What you have to do: Your task is to transcribe the data exactly while omitting each picture.

(Extracted data entries)
● ● ● ● ●

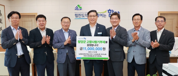 [금요저널] 함양군은 19일 오전 군수실에서 거창군 소재 4개 농협 임직원이 동참해 고향사랑기부금 1,100만원을 전달하는 기탁식을 가졌다고 밝혔다.
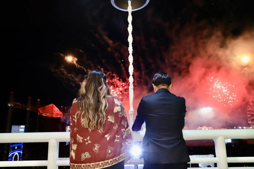 La explanada municipal se iluminó con un espectáculo piromusical, mismo
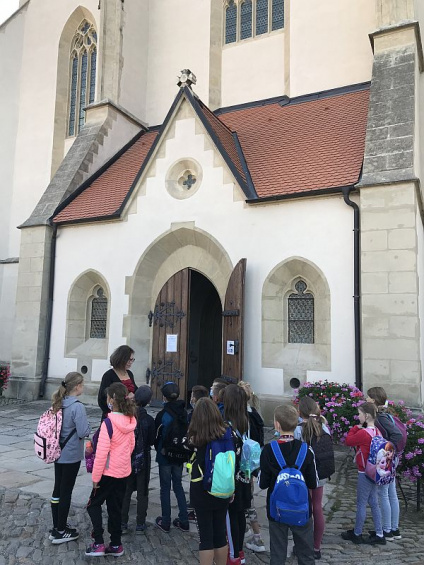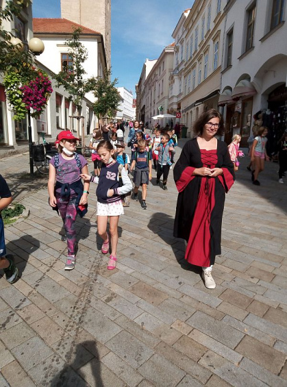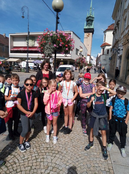 V tento den na téma Historie v pověstech. Informační centrum ve Znojmě si pro naše žáky připravilo zajímavou, poučnou i zábavnou procházku se zastávkami na místech, která se vážou ke znojemským pověstem. Začali jsme pověstí o výstavbě střechy radniční věže, dozvěděli se „jak to bylo“ se Znojemskou Libuší. Poté nás průvodkyně zavedla na místo, kde uklouzl kůň panovníka Zikmunda, panovník dostal mrtvici a my se tak dozvěděli o jedné z verzí jeho smrti, které podle pověstí nastaly ve Znojmě ještě třikrát. Následně měly děti za úkol uhodnout, která z těchto pověstí byla pravdivá. Která to byla? Děti ze 3. ročníku to vědí, tak se jich zkuste zeptat! Naše pouť končila opět u radniční věže a děti mohly vystoupat přímo na její vrchol. Pro některé z nich to byla první návštěva této téměř sedmdesátimetrové věže. Byl to velmi vydařený den.
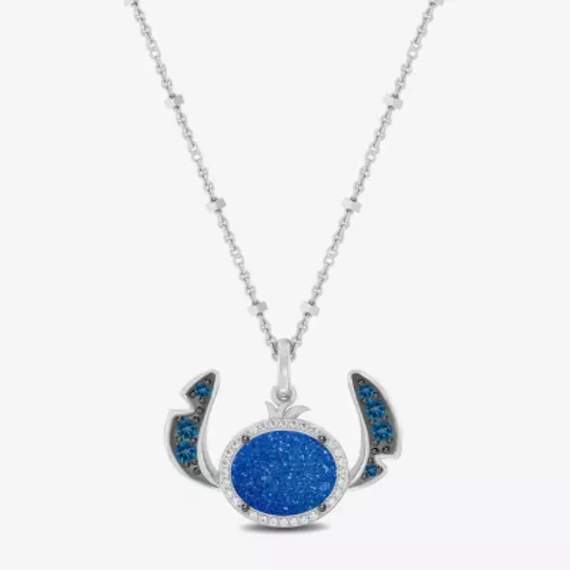 Disney Jewels Collection Lilo And Stitch Womens 1/10 CT. T.W. Genuine Blue Drusy Sterling Silver 18 Inch Pendant Necklace
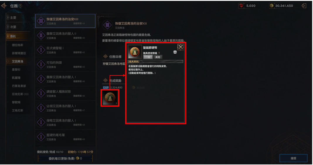 ❈ 硬幣於完成委託時發送,且若於活動更新前的 12 月 10 日 04:00 起至維護開始前完成的委託,
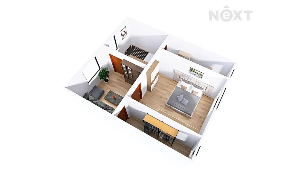 Dřevěné schodiště Vás zavede do druhého nadzemního podlaží, kde se nachází dva pokoje a dvě šatny se spoustou úložného místa. Kdyby Vám ani tohle nestačilo, poslouží k uskladnění dalších věcí půda.
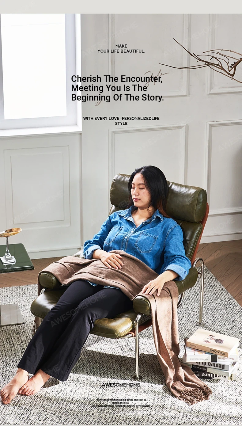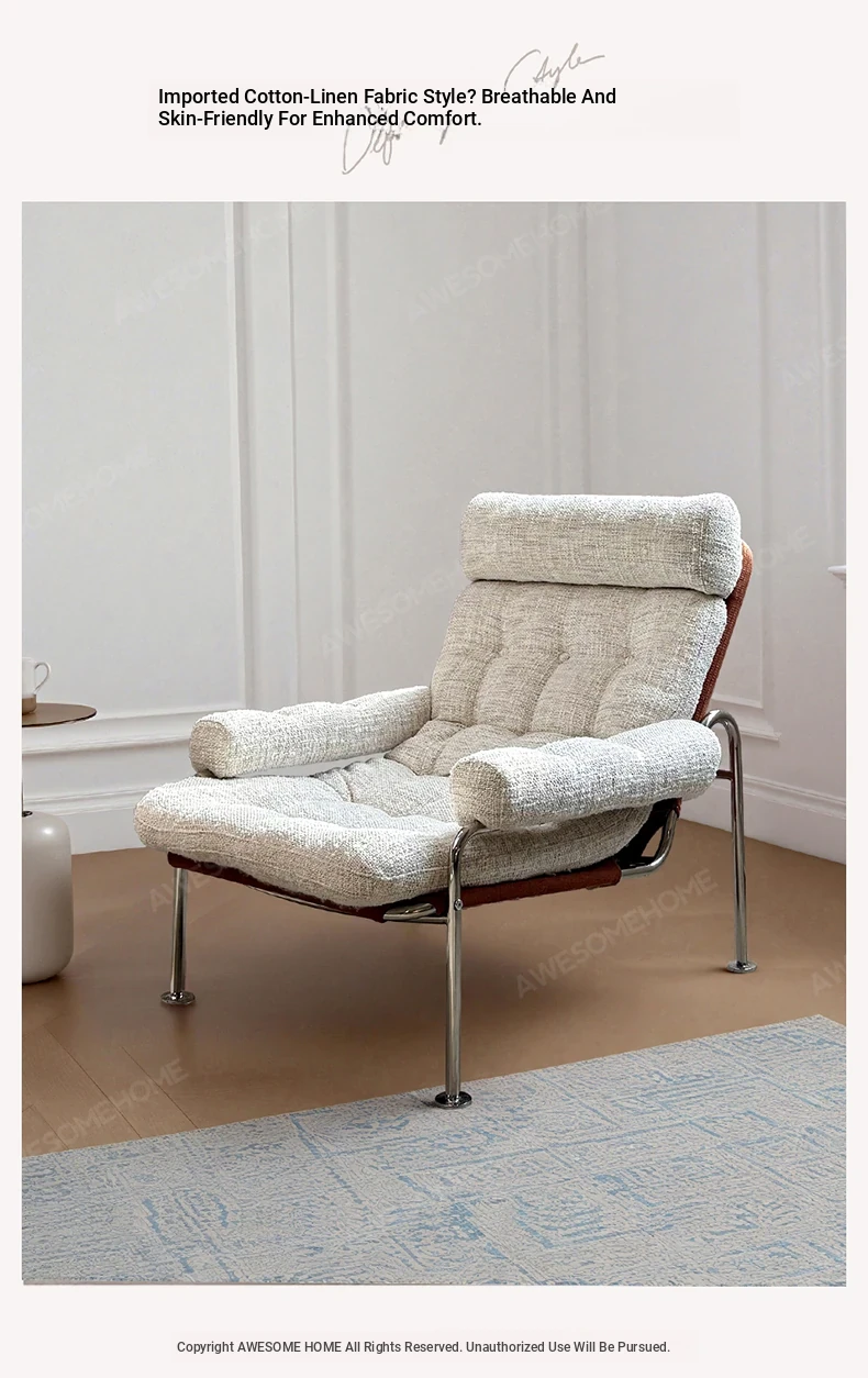 Yaqi Furniture | Elegant Rumm Armchair - Cotton Linen Leisure Chair for Living Room & Study - Vintage Chic Bauhaus Style

● ● ● ● ●

Final answer:
 [금요저널] 함양군은 19일 오전 군수실에서 거창군 소재 4개 농협 임직원이 동참해 고향사랑기부금 1,100만원을 전달하는 기탁식을 가졌다고 밝혔다.
 La explanada municipal se iluminó con un espectáculo piromusical, mismo
 V tento den na téma Historie v pověstech. Informační centrum ve Znojmě si pro naše žáky připravilo zajímavou, poučnou i zábavnou procházku se zastávkami na místech, která se vážou ke znojemským pověstem. Začali jsme pověstí o výstavbě střechy radniční věže, dozvěděli se „jak to bylo“ se Znojemskou Libuší. Poté nás průvodkyně zavedla na místo, kde uklouzl kůň panovníka Zikmunda, panovník dostal mrtvici a my se tak dozvěděli o jedné z verzí jeho smrti, které podle pověstí nastaly ve Znojmě ještě třikrát. Následně měly děti za úkol uhodnout, která z těchto pověstí byla pravdivá. Která to byla? Děti ze 3. ročníku to vědí, tak se jich zkuste zeptat! Naše pouť končila opět u radniční věže a děti mohly vystoupat přímo na její vrchol. Pro některé z nich to byla první návštěva této téměř sedmdesátimetrové věže. Byl to velmi vydařený den.
 Disney Jewels Collection Lilo And Stitch Womens 1/10 CT. T.W. Genuine Blue Drusy Sterling Silver 18 Inch Pendant Necklace
 ❈ 硬幣於完成委託時發送,且若於活動更新前的 12 月 10 日 04:00 起至維護開始前完成的委託,
 Dřevěné schodiště Vás zavede do druhého nadzemního podlaží, kde se nachází dva pokoje a dvě šatny se spoustou úložného místa. Kdyby Vám ani tohle nestačilo, poslouží k uskladnění dalších věcí půda.
 Yaqi Furniture | Elegant Rumm Armchair - Cotton Linen Leisure Chair for Living Room & Study - Vintage Chic Bauhaus Style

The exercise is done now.